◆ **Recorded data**
Start of Block
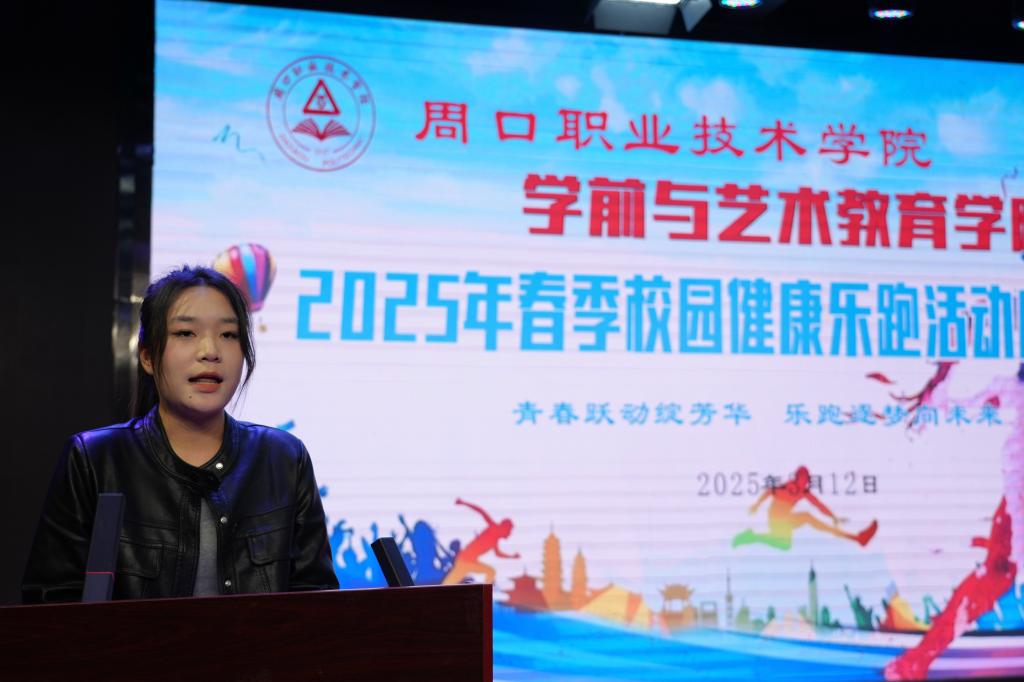 23级学前教育五班秦文妍、24级学前教育三班尤优作为学生代表发言。她们表达了对乐跑活动的热切期待,表明了积极参与的决心,向全体同学发出呼吁:“青春跃动绽芳华,乐跑逐梦向未来!同学们,让我们一起踊跃投身乐跑活动,将运动融入日常,化作生活的一部分,让健康成为生活的底色,用坚持诠释青春的活力,用奔跑追逐美好的未来!”
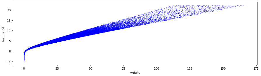 Subsequently, the scatter plot is generated by plotting points where the x-coordinates represent the values of weight and the y-coordinates correspond to the values of feature_51 within the train_data_nonZero dataset. Each point is sized at 0.1, resulting in relatively small dots that are colored blue.
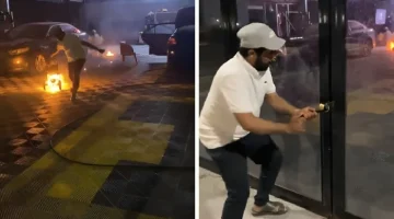 بالفيديو: مواطن بطل يحطم قفل متجر في الجبيل ويطفئ حريقًا قبل انتشاره نحو السيارات
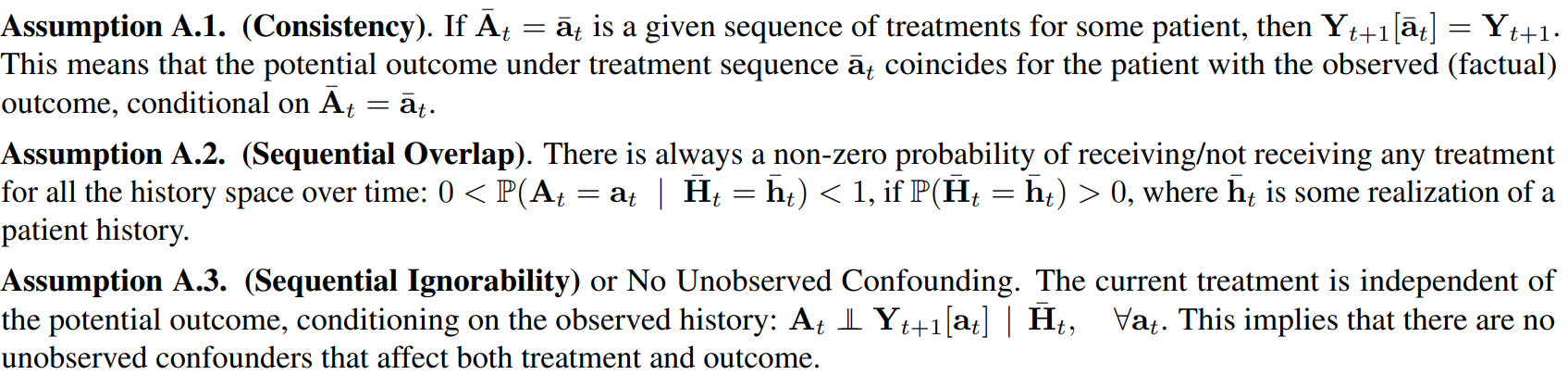 (1) consistency, (2) sequential ignorability, (3) sequential overlap -> 해당 내용은 appendix A에 있음
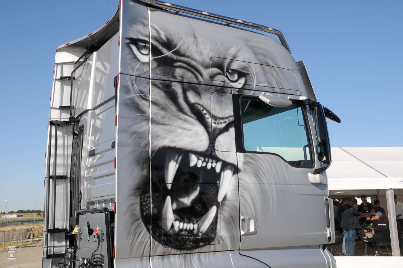 Als basis voor 'The Lion' fungeert een 18.640 trekker. Jazeker, een 4x2 trekker met 640 pk aan boord! het exterieur is op fraaie wijze voorzien van afbeeldingen. Door die in zwart-wit te houden ziet het er zeer fraai uit en we moeten zeggen dat dit de meest geslaagde Duitse MAN ooit is. Achter de cabine is een keurig slangenrek aangebracht, het chassis is voorzien van een grote tranenplaat-afdekking en ook de achterbumper is niet vergeten.
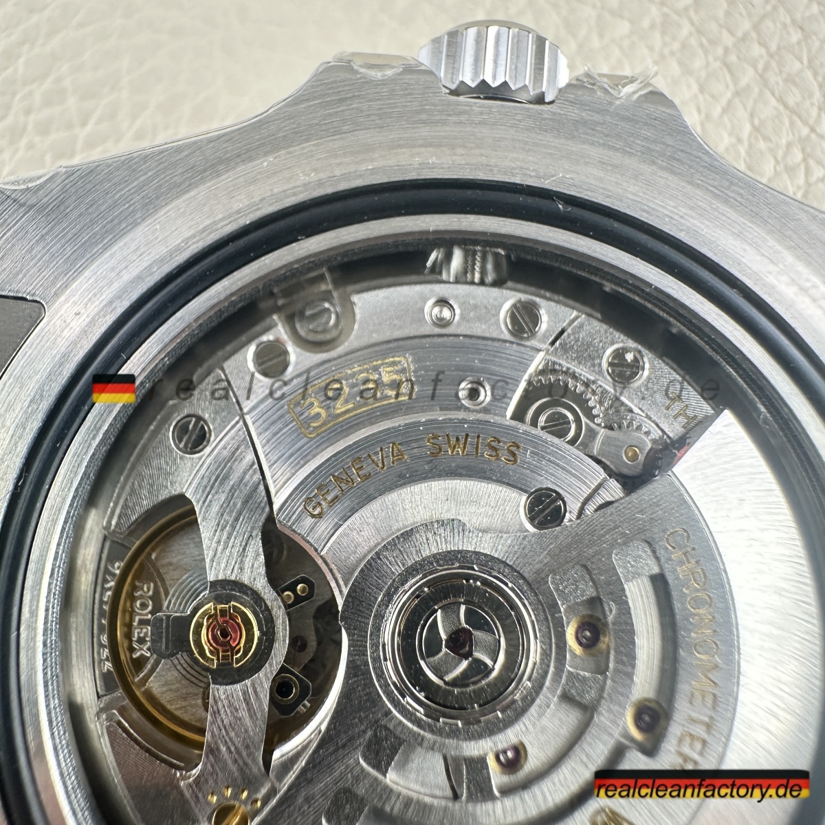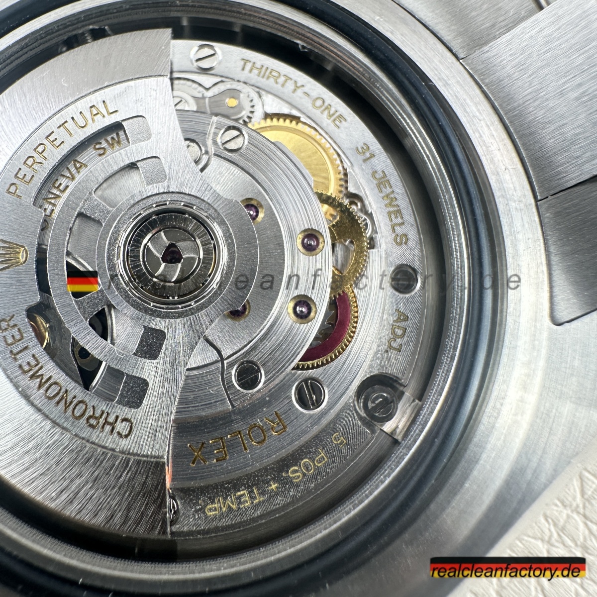 - Das Super Clone 3235 Uhrwerk unterstreicht Clean Factorys Anspruch auf echte Funktionalität. Hier arbeitet kein dekoriertes 2824, das nur so tut, als wäre es mehr. Das 3235 hat dieselbe Architektur wie das Original – bidirektionaler Aufzug für höchste Effizienz, echte 70 Stunden Gangreserve und die Chronergy-Hemmung für exakte Präzision. Ziehen Sie die Krone heraus, und Sie spüren sofort die unverwechselbare Rolex-DNA in der Bedienung.
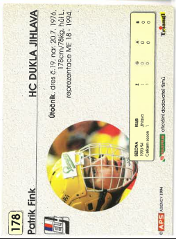 1994-95 APS Patrik Fink HC Dukla Jihlava č. 178
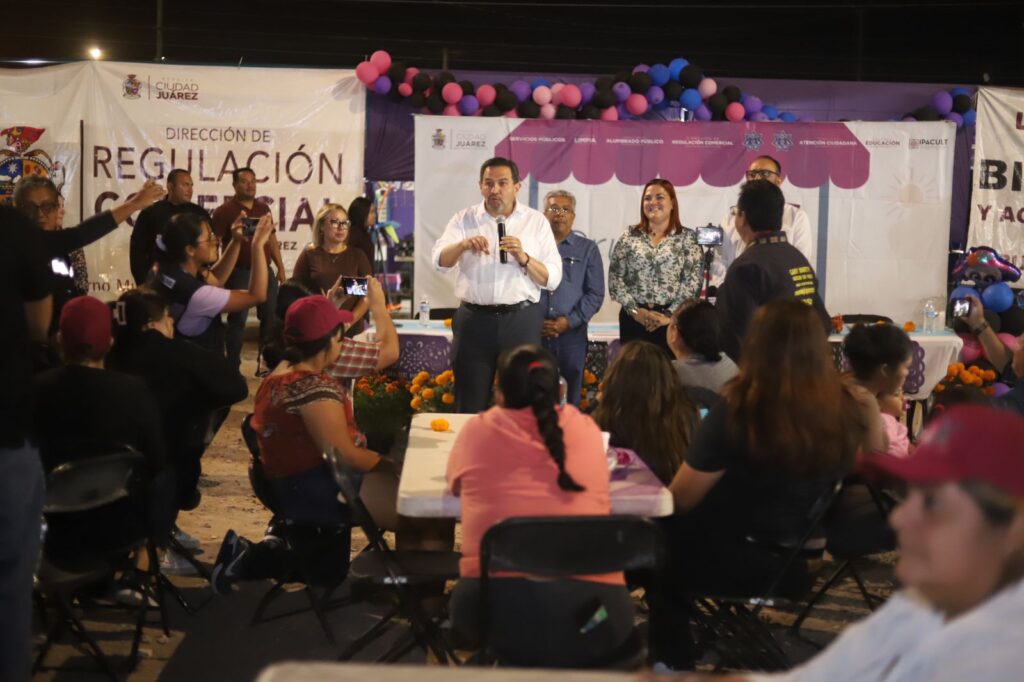 CD. JUAREZ, CHIH.- Con descuentos en trámites de permisos y un convivio el Presidente Municipal, Cruz Pérez Cuéllar, encabezó la Cruzada por el Comercio con comerciantes del Mercado Las Haciendas.
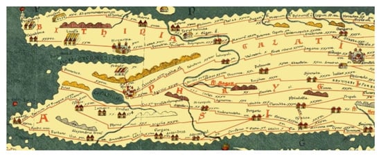 - Talbert, R.J.A.; Elliott, T.; Harris, N.; Steinmann, M. Rome’s World. In The Peutinger Map Reconsidered, 1st ed.; Cambridge University Press: Cambridge, UK, 2010; ISBN 9780521764803. [Google Scholar]
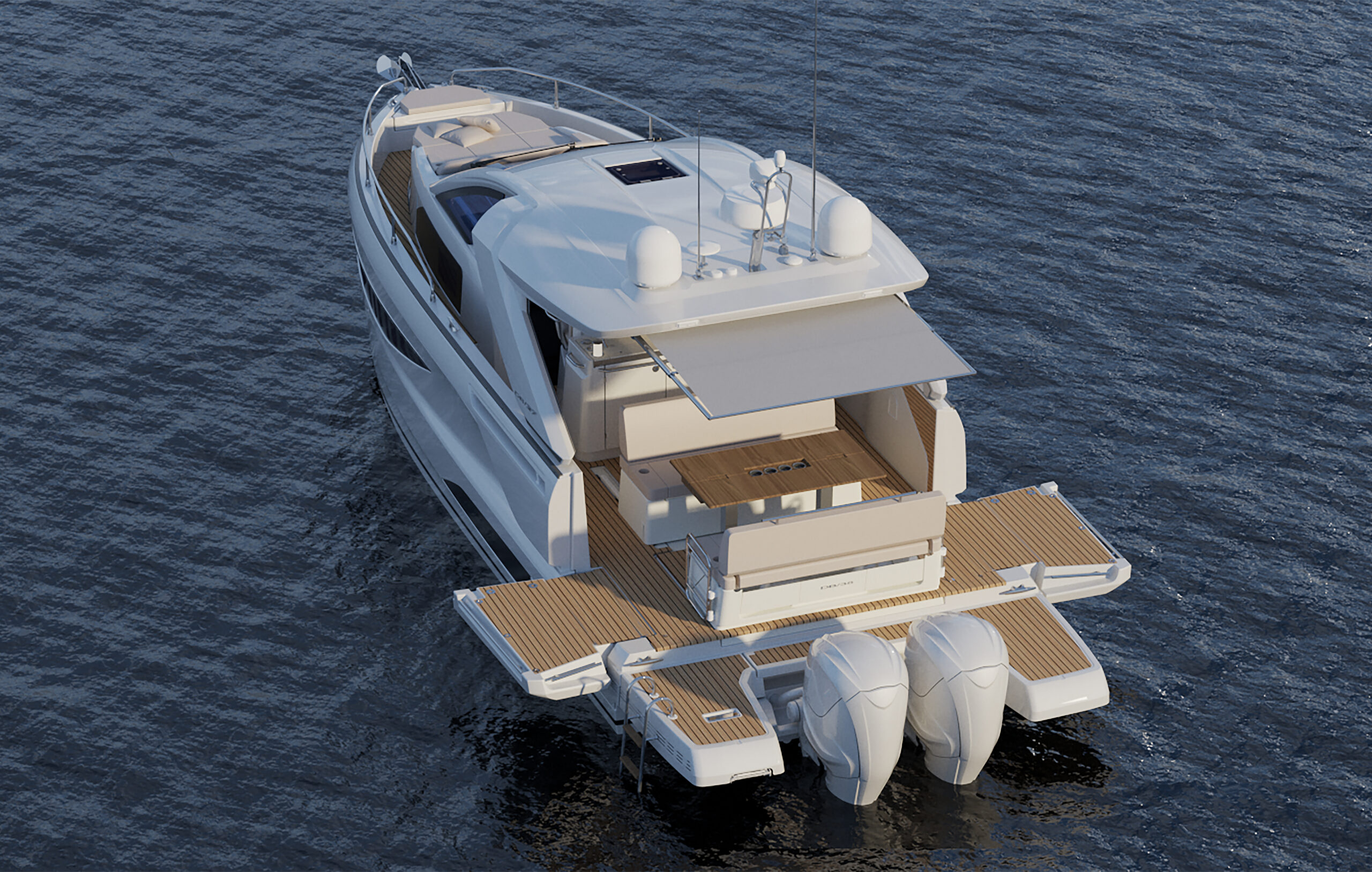 Desarrollada mediante pruebas en tanque, la nueva forma del casco creado por Jeanneau y Centkowski& Denert se propulsa con dos Yamaha de 250 Hp y joystick y permite un planeo aún más rápido y un buen crucero a velocidades medias.
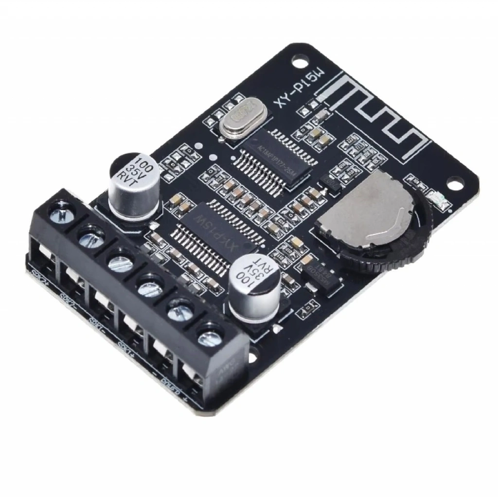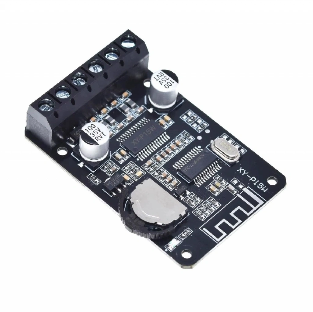 XY-P15W yüksek güçlü bir stereo Bluetooth ses modülüdür. Kablosuz olarak ses müzik aktarımını sağlamak için kullanılır. İki kanal hoparlör çıkışı. Dahili amplifikatöre sahiptir. Bu sebeple doğrudan hoparlöre bağlanabilir. Cep telefonlarınızdan yada herhangi bir bluetooth cihazınız üzerinden çalacağınız sesleri kablosuz olarak max 15 metre mesafedeki hoparlörlere aktarabilmenizi sağlar.
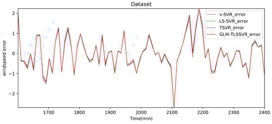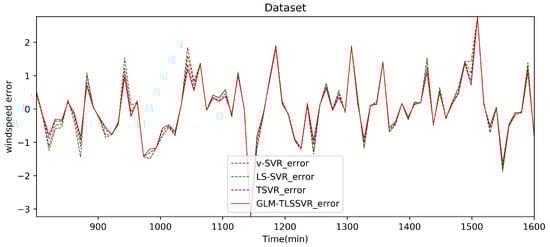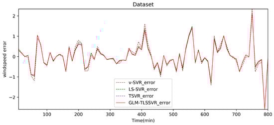 From Table 2, Table 3 and Table 4 and Figure 4, Figure 5, Figure 6, Figure 7, Figure 8 and Figure 9, these evaluation criteria can indicate that the error statistic of GLM-TLSSVR model is better than that of models -SVR, LS-SVR, and TSVR. As the forecast time interval increases from 10-min. to 30-min. and 50-min., the forecasting error of the four models increases and the relative error decreases. Therefore, in these cases, it is not so important. However, as can be seen from Table 2, Table 3 and Table 4, under all conditions of MAE, RMSE, SSE/SST, and SSR/SST, the model GLM-TLSSVR with Gaussian–Laplace mixed noise characteristics is slightly better than the other three classical -SVR, LS-SVR and TSVR models. In general, a lower value of MAE, RMSE, and SSE/SST reflects the consistency between the predicted values and true values, while the higher values of SSR/SST indicate that the regressor accounts for higher statistical information. Further, the performance indices indicate that GLM-TLSSVR outperforms -SVR, LS-SVR, and TSVR for short-term wind speed data set in terms of SSE/SST, RMSE, and MAE. The ratio of SSR/SST can estimate the goodness of fit of the predictive model and extract the maximum information from the data set. Therefore, the proposed model GLM-TLSSVR is considered to be the best regression indicator among all of the models. The SSE/SST is lower for GLM-TLSSVR when compared to other methods that imply good estimation between real values and predictive values from Table 2, Table 3 and Table 4. In addition, among all of the models, the computational cost of testing model GLM-TLSSVR is the lowest, which indicates that our proposed iterative methods are the efficient algorithm for regression, on the other hand, the reason is that this proposed model GLM-TLSSVR combines the spirit with the fast speed of LS-SVR yields a new regressor. In addition, the generalization performance of the proposed model GLM-TLSSVR is best, i.e., it owns the smallest and largest evaluation criteria, respectively, viz. RMSE, and SSR/SST from Table 2, Table 3 and Table 4; this is mainly due to the idea of twin hyperplanes.
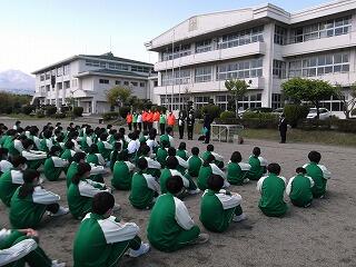この日は、育休から復帰した養護教諭の田村先生からあいさつがありました。
End of Block
◆ **Work task**
In the entries above, find the line with "Desarrollada mediante pruebas" and the line with "XY-P15W yüksek güçlü". Return exactly those lines and all the ones between them, pictures excluded.

◆ **Response below**
 Desarrollada mediante pruebas en tanque, la nueva forma del casco creado por Jeanneau y Centkowski& Denert se propulsa con dos Yamaha de 250 Hp y joystick y permite un planeo aún más rápido y un buen crucero a velocidades medias.
 XY-P15W yüksek güçlü bir stereo Bluetooth ses modülüdür. Kablosuz olarak ses müzik aktarımını sağlamak için kullanılır. İki kanal hoparlör çıkışı. Dahili amplifikatöre sahiptir. Bu sebeple doğrudan hoparlöre bağlanabilir. Cep telefonlarınızdan yada herhangi bir bluetooth cihazınız üzerinden çalacağınız sesleri kablosuz olarak max 15 metre mesafedeki hoparlörlere aktarabilmenizi sağlar.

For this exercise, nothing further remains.